Я любил торчать перед картой, рассматривая, где горы, где моря, где какие государства. На ней я прочитал и запомнил названия всех морей, но Хвалынского не нашел.
Когда дед, обливаясь слезами, кончал песню и горестно замолкал, придавленно опустив могучие еще плечи, я спрашивал:
— А где это море-то, Хвалынское?
Дед трудно возвращался к действительности, он еще весь был там, где разыгралась трагедия с лебедушкой белой.
— А?—глядел он на меня незрячими глазами. — Чо?
— Море Хвалынское где?
— Далеко. За синими горами, за черными лесами, — задумчиво отвечал он.
— На карте такого нету.
— А чо карта! Карту люди рисовали, могли и позабыть.
— Не могли, — спорил я. — Все моря обозначены, а Хвалынского нету.
Дед молчал, высмаркивался, смахивал слезы с бороды и со вздохом признавался:
— А хрен его знает, где оно. Свет велик во все четыре стороны.
Я долго искал это таинственное Хвалынское море, пока не сделал открытие, уже где-то в классе пятом. Оказалось, что это Каспийское море, по которому гулял на расписных челнах Стенька Разин, делая набеги на Персию.
Отплакав, вылив всю душевную жалость по белой лебедушке, дед вдруг озорно взбадривался, притопывал ногой в валенке — он их носил зимой и летом — и заводил речитативом песню-разговор барыни и ее холопа:
Ах ты сукин сын, холоп!
Где был-побывал?
Где ноченьку ночевал?
И холоп ей отвечал. При этом дед весело потряхивал плечами, голос его становился задиристо-озорным:
Сударыня-барыня,
Во твоем терему,
На перине, на пуху,
С твоей дочерью —
Душой Машенькой...
Дед молодел лицом и, придерживая улыбку на губах, смотрел куда-то в даль, одному ему видную. После этой песни он еще долго разглаживал молодецки озорно свою бороду.

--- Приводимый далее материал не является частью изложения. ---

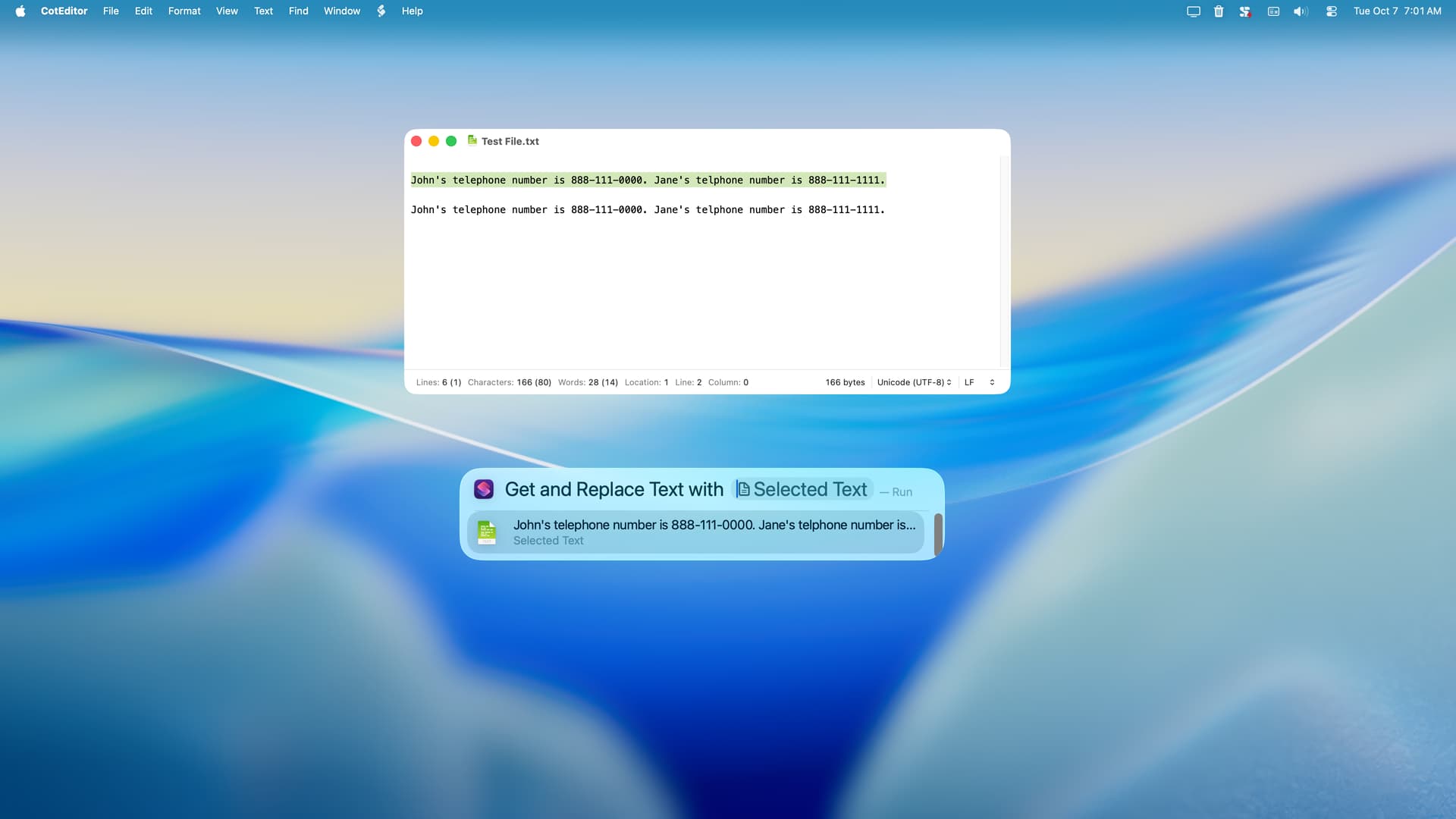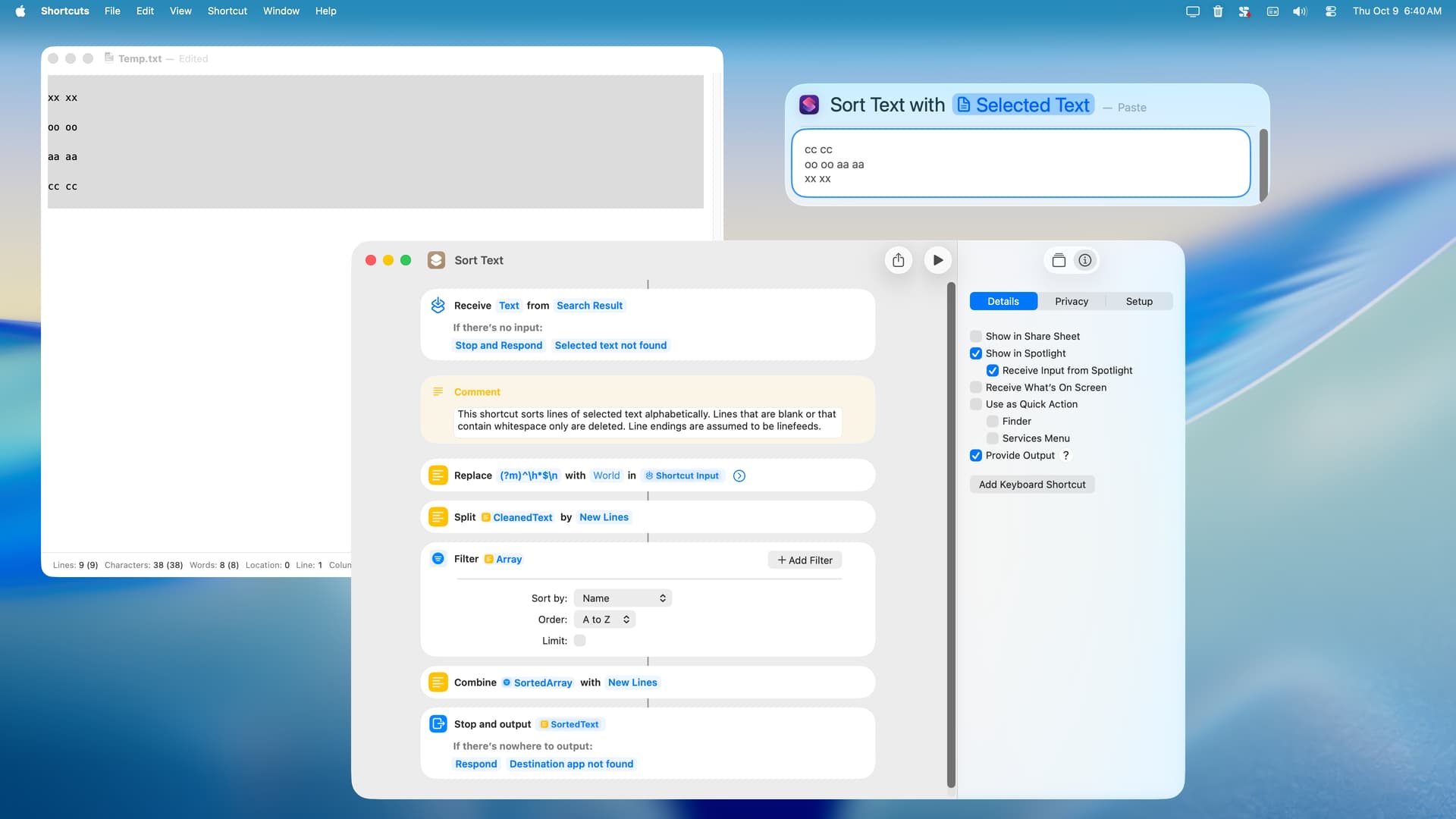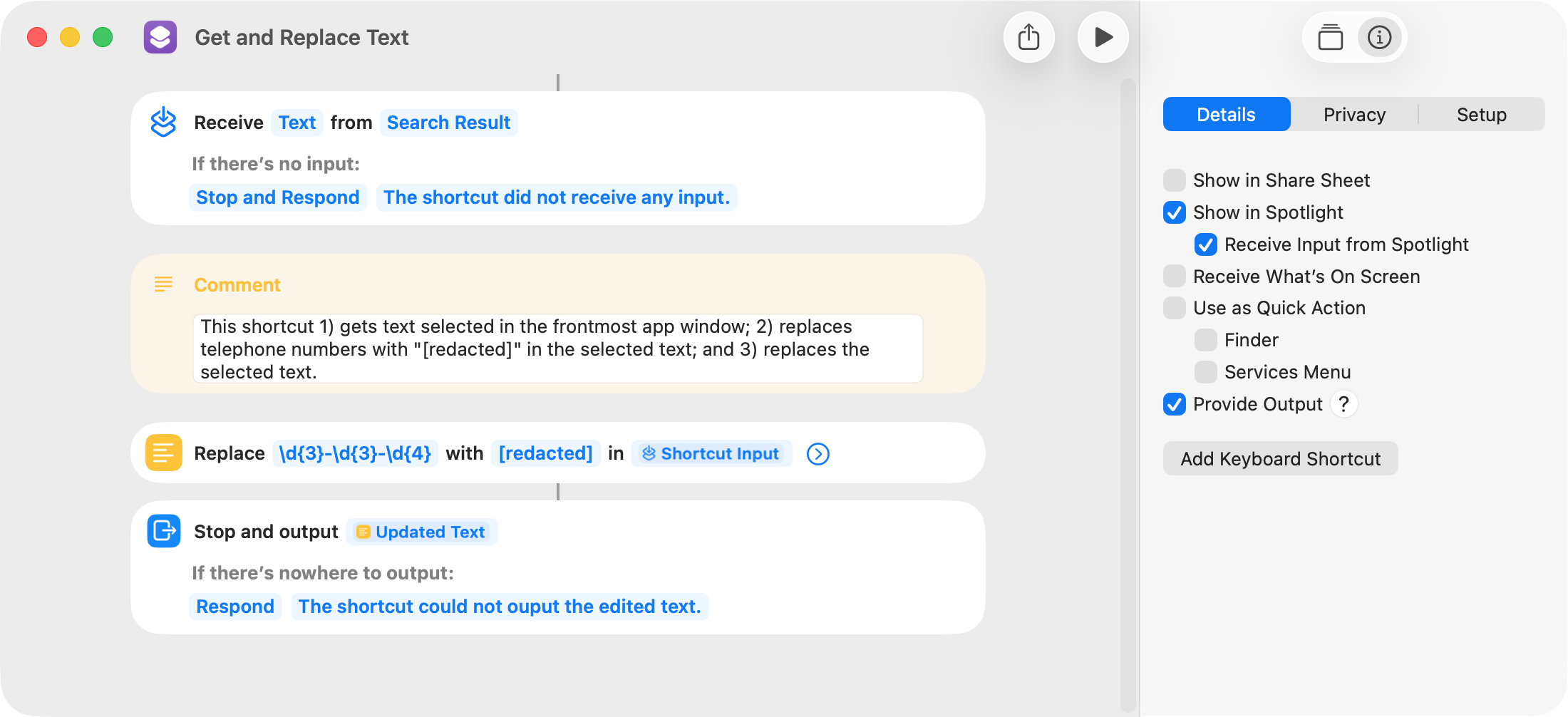It’s always been the case that a shortcut could get and replace selected text in the frontmost app, but the shortcut had to be run as a Quick Action or Service. In macOS Tahoe, the same thing can be done with a shortcut that is run by way of Spotlight.
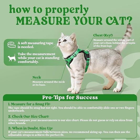 rabbitgoo Cat Harness and Leash for Walking, Escape Proof Soft Adjustable Vest Harnesses for Cats, Easy Control Breathable Reflective Strips Jacket, Grass Green,S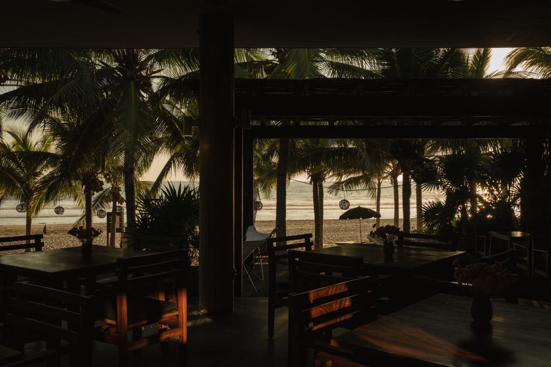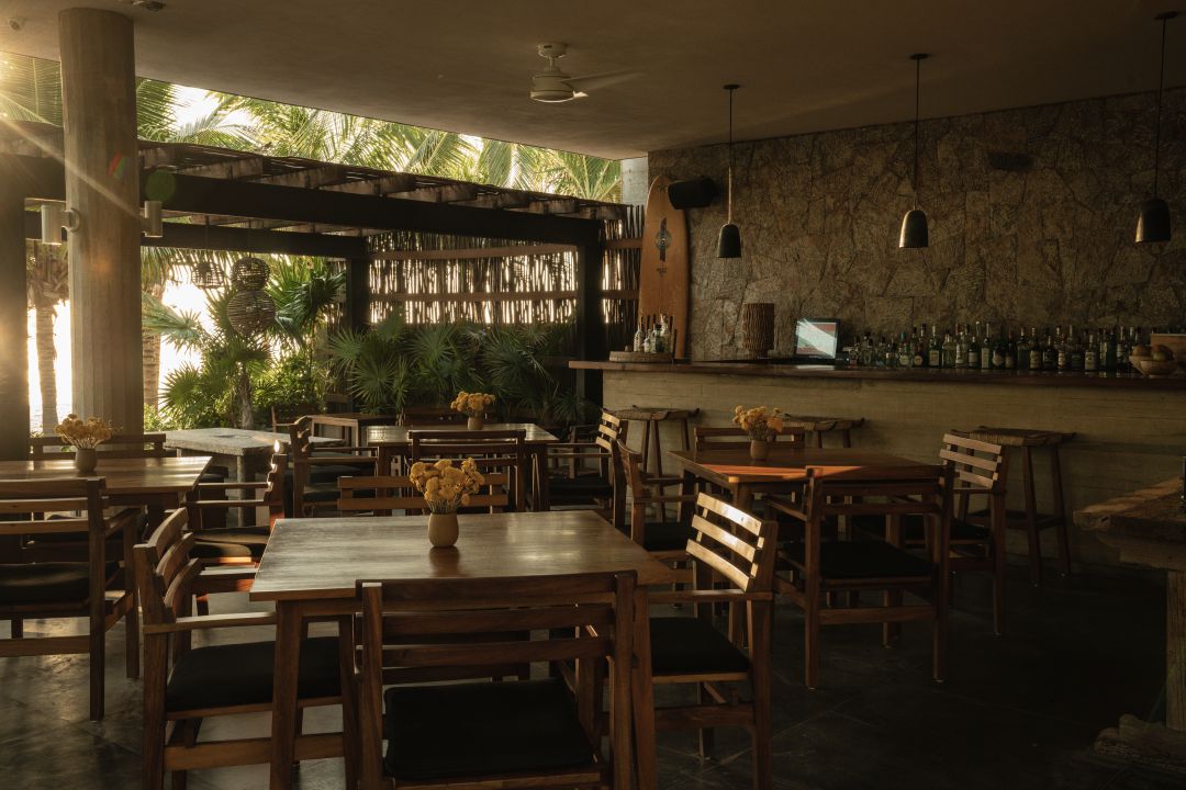 Just steps from the shore, La Terraza unfolds beneath a handcrafted wooden pergola, where the Pacific breeze and the rhythm of the waves shape each moment. Colors echo the surrounding landscape—the mint blue of the chairs against rustic concrete floors, tropical wood tables reflecting the warmth of the coast—creating a sanctuary of refined simplicity.

Потом он переходил на военную тему. Облокотясь на самый край стола и подперев голову рукой, заводил:
Скакал казак через доли-и-ину, через маньчжурские края...
Локоть его срывался со стола, дед бормотал ругательства, опять укреплял локоть на краю столешницы и начинал сначала:
Скакал...
Локоть опять соскальзывал, песня обрывалась, дед с досадой произносил бранные слова и вновь ставил локоть на стол.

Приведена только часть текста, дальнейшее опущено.